# Drs. R. Scott Clark and Mike Horton in Conferences



## BobVigneault (Jan 2, 2008)

Happy New Year from the White Horse Inn and Modern Reformation.

Dear Friends,

White Horse Inn co-host Dr. Michael S. Horton will be prominently featured at two upcoming exceptional conferences. We hope that you will be able to join us.


The first conference at which Dr. Horton will be speaking will be hosted by Westminster Seminary California on January 18-19, 2008. The conference is titled, Missional & Reformed: Reaching the Lost & Teaching the Reached. Dr. Horton will be joined by Westminster Seminary California colleagues Dr. W. Robert Godfrey, Dr. Hywel Jones, *Dr. R. Scott Clark*, as well as several other distinctive faculty members. The claim of the emergent/emerging churches to represent a truly "missional" approach to ministry, witness, and evangelism is generating much interest and ink. This conference considers what it means to be Reformed and missional. The speakers start with the conviction that Christ the Lord has established an institution (the church) and has given to it a mission to make disciples of all nations. Without the church there can be no mission and where there is no mission, there is no church. Tough questions remain and this conference doesn't promise to have all the answers, but it hopes to ask helpful questions about mission and ministry in our pluralistic age. We are confident that it will be an exceptional conference. To register please visit the WSC 2008 Conference Homepage. We encourage you to register by January 7, 2008, as space is limited.

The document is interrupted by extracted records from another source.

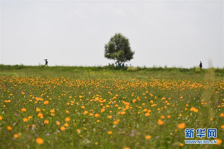 这是7月22日拍摄的金莲川草原。金莲川草原位于内蒙古自治区锡林郭勒盟正蓝旗,正值盛夏,金莲川草原上鲜花绽放,景色宜人。新华社记者刘磊摄
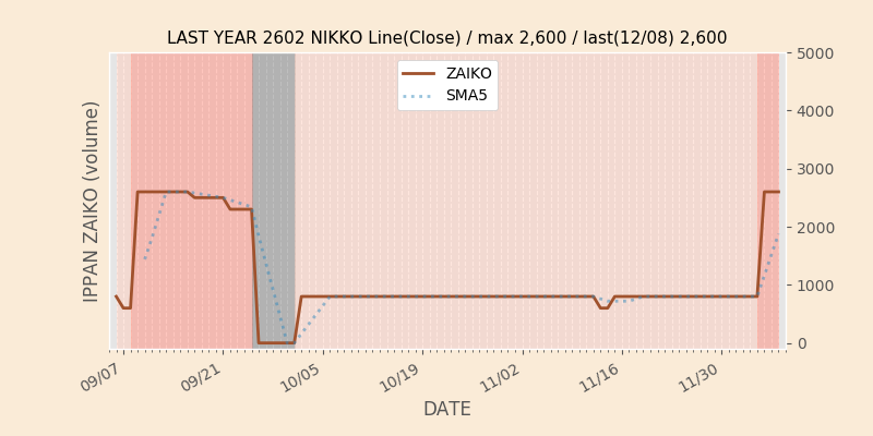 日清オイリオG(2602)の一般信用在庫推移
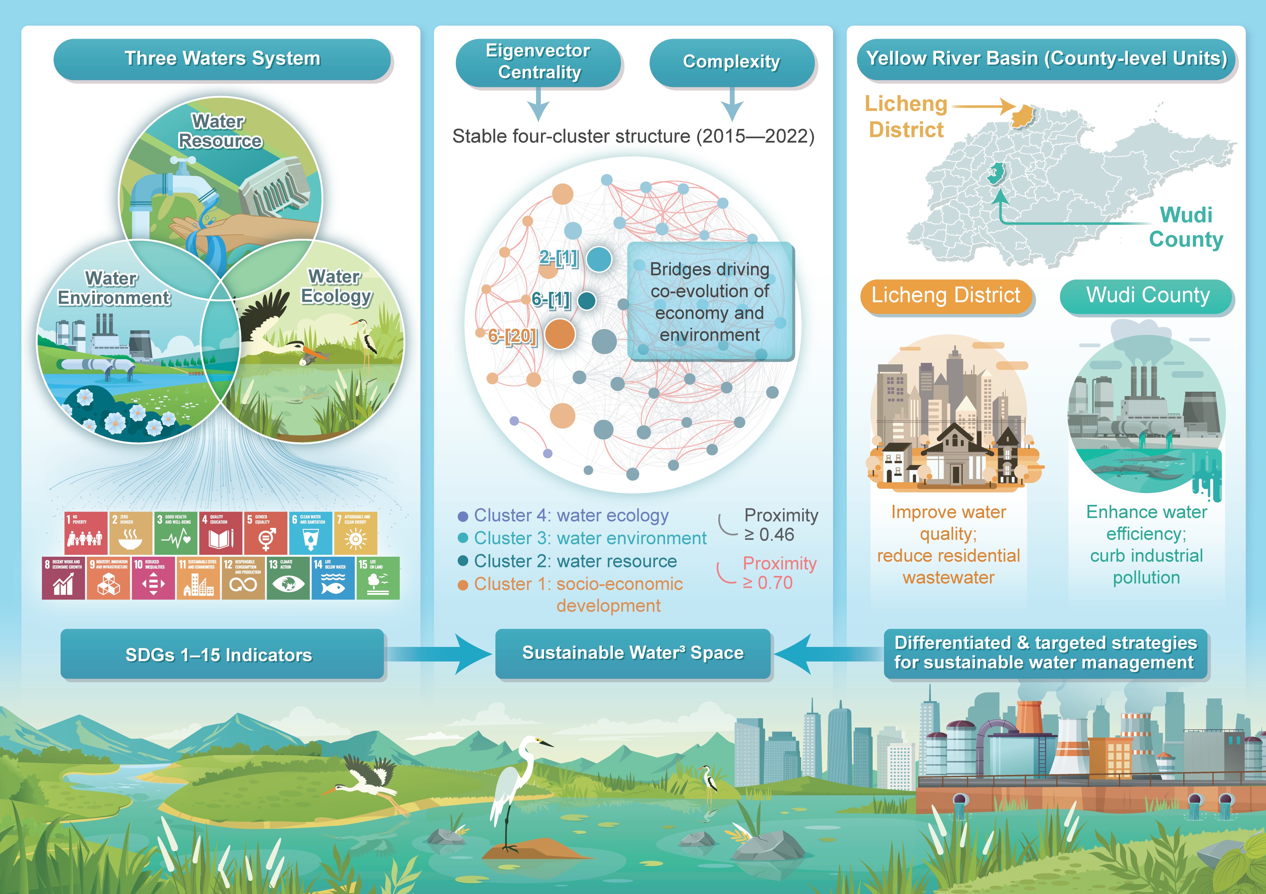 In a new study published in Water & Ecology, a research team led by Mimi Gong from Beijing Normal University and Qiang Huang from Beijing Institute of Technology uncovered interactions within and between the "Three Waters" system and sustainable development goals. Based on the information, the researchers identified key policy levers that support water sustainability in the Yellow River Basin and developed a "Sustainable Water3 Space" network—integrating 53 SDG indicators, combining eigenvector centrality and complexity analyses to identify synergistic relationships and critical "bridge" indicators.
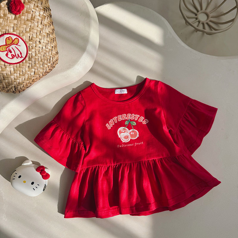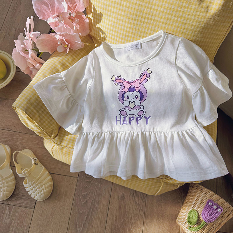 2025 한국 스타일 여름 새로운 소녀 인형 셔츠 중간 소매 뿔 소매 만화 짧은 소매 아기 외국인 스타일 공주 티셔츠스토어 가기
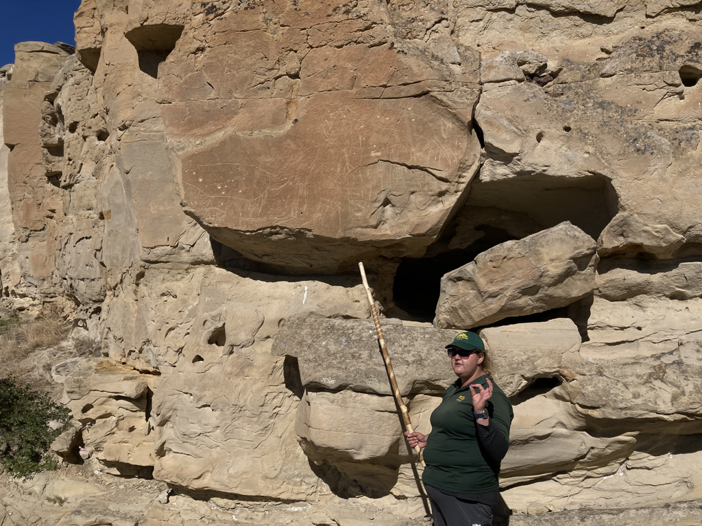 Next stop was Milk River and the Writing on Stone Provincial Park. Again, if you have never been, this is another hidden gem. It is nestled below the wide open and very flat prairie among the hoodoos that line the river. Ten kilometres south of the Alberta border rise the Sweetgrass Mountains, old volcanos that failed to erupt but protrude from the flat arid grassland.

The second conference at which Dr. Horton will be speaking will be hosted by Ponte Vedra Presbyterian Church on February 1-2, 2008 (in Ponte Vedra, Florida). The conference is titled, The Gospel-Driven Life: Growing in Holiness by Living in Union with Christ. The conference was inspired by Dr. Horton’s article "The Promise Driven Life." Dr. Horton will be joined by Westminster Seminary California colleagues Dr. W. Robert Godfrey and Dr. R. S Clark. In addition, long-time friend and defender of Reformation theology, Dr. R.C. Sproul will be speaking as well. For more information and to register visit the Gospel Driven Life Conference page.

These conferences are aligned with our mission to help Christians ‘know what they believe and why they believe it.’ Thank you for your continued interest in the White Horse Inn and Modern Reformation.

Brett Watson
Director of White Horse Media
800.890.7556


----------



## BJClark (Jan 20, 2008)

> The second conference at which Dr. Horton will be speaking will be hosted by Ponte Vedra Presbyterian Church on February 1-2, 2008 (in Ponte Vedra, Florida). The conference is titled, The Gospel-Driven Life: Growing in Holiness by Living in Union with Christ. The conference was inspired by Dr. Horton’s article "The Promise Driven Life." Dr. Horton will be joined by Westminster Seminary California colleagues Dr. W. Robert Godfrey and Dr. R. S Clark. In addition, long-time friend and defender of Reformation theology, Dr. R.C. Sproul will be speaking as well. For more information and to register visit the Gospel Driven Life Conference page.



We were given a flyer at church about this today, I am praying my husband and I will be able to attend...it's only about an hour from where we live..


----------